Faith and science

I have very few strong memories of my school days, and fewer still that I treasure, but there is one. It was an RE lesson, given by Mr McCoy (who, in the unkind way of schoolchildren, was known as Crater-face, because of his prominent acne scars). The topic was fundamental human rights, and one of them was freedom of belief.

My mum comes from an Irish Catholic family, two of her aunts had become nuns, and my brother and I had been baptised into the faith and had attended church every Sunday and, distressingly, every Christmas morning (back in the days before priests were trendy, and allow children to bring their new toys along to mass with them) since then.

I had even taken confirmation classes, from which my main learning experience was that nuns hate questions about dinosaurs and whether or not they had souls. Thus the large portion of my classes were spent standing in the corridor, thinking about what I’d done.
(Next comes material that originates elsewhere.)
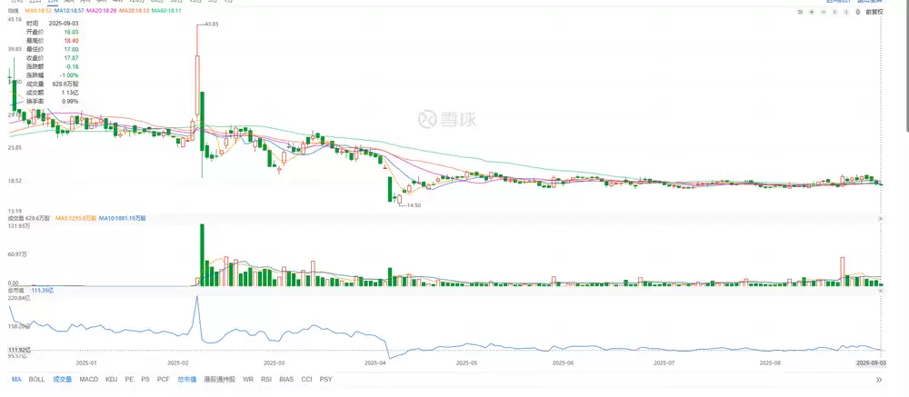 营收增速与规模双双落后于同行、叠加2025年上半年利润大幅下滑,导致黑芝麻股价持续承压。截至9月3日收盘,黑芝麻智能报17.87港元,市值为113.35亿港元。相比今年2月的高点——股价43.85港元、市值220.84亿港元,其在不到7个月内股价跌近六成,市值蒸发近半。
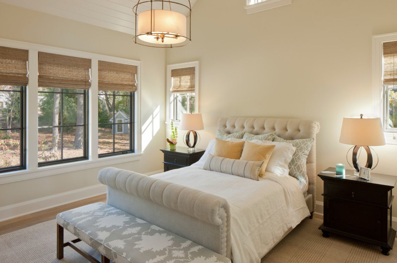 Algunos diseños parecen ser una especie de híbridos, combinaciones de elementos de dos o más estilos. Por ejemplo, este dormitorio de Anderson Homes presenta un tipo de cama tipo trineo con esta estructura inusual similar a un dosel unida a su cabecera.

Which was, invariably, asking questions to which Catholic dogma had no answers.

Up until that day nobody had ever said that I had the fundamental right not to believe the priests and the nuns and my mum and her aunts, who were also nuns, and the Bible. I was free to not believe it.

I didn’t go to church the following Sunday. I haven’t been to a Catholic mass since. I preferred science, which was cool with dinosaurs, soulless or otherwise. As XKCD says, science “…doesn’t ask for your faith, it just asks for your eyes.”

I think back on old Crater-face when I hear people saying that trans-rights do not cause a conflict of rights, because he taught me I have a fundamental right of belief – and I choose to have none – whereas those shouting loudest about trans rights demand that I accept their belief that a woman is defined by something otherworldly and spiritual.

It’s a religion, and it’s not even a good one. Plenty of other religions have the decency to offer you some kind of paradise if you adhere to their teachings. This one just offers you hell if you don’t.

Make no mistake that it is a religion. When trans-rights activist claim that the science is on their side makes me cringe, because science isn’t being able to pack together 800 book-learning words into an article. It’s about developing a hypothesis that fits the data. If you’re telling a story about SRY genes or brain-scans or DSDs, while ignoring primary and secondary sex characteristics, then you’re not doing that. You’re doing the very opposite of that, the antithesis of science; you’ve decided what the result is and are dragging in every piece of data you can find that might support it.

Freedom of belief works both ways, of course. Everyone has the right to believe that men can become women, in just the same way that they have the right to believe a piece of wafer becomes the body of Christ, but when they try to extend that right into demanding that others share their faith, that failure to do so is a reason to throw accusations of bigotry, to demand removal from jobs, to define hate crime, then a line has been crossed.

The freedom to believe what you want must entail the freedom to reject the beliefs of others. Mr McCoy taught me that, and anybody whose only counter-argument is to threaten you with a spell standing in the corridor isn’t worth a damn.

“As foretold in the Book of Rexelations!”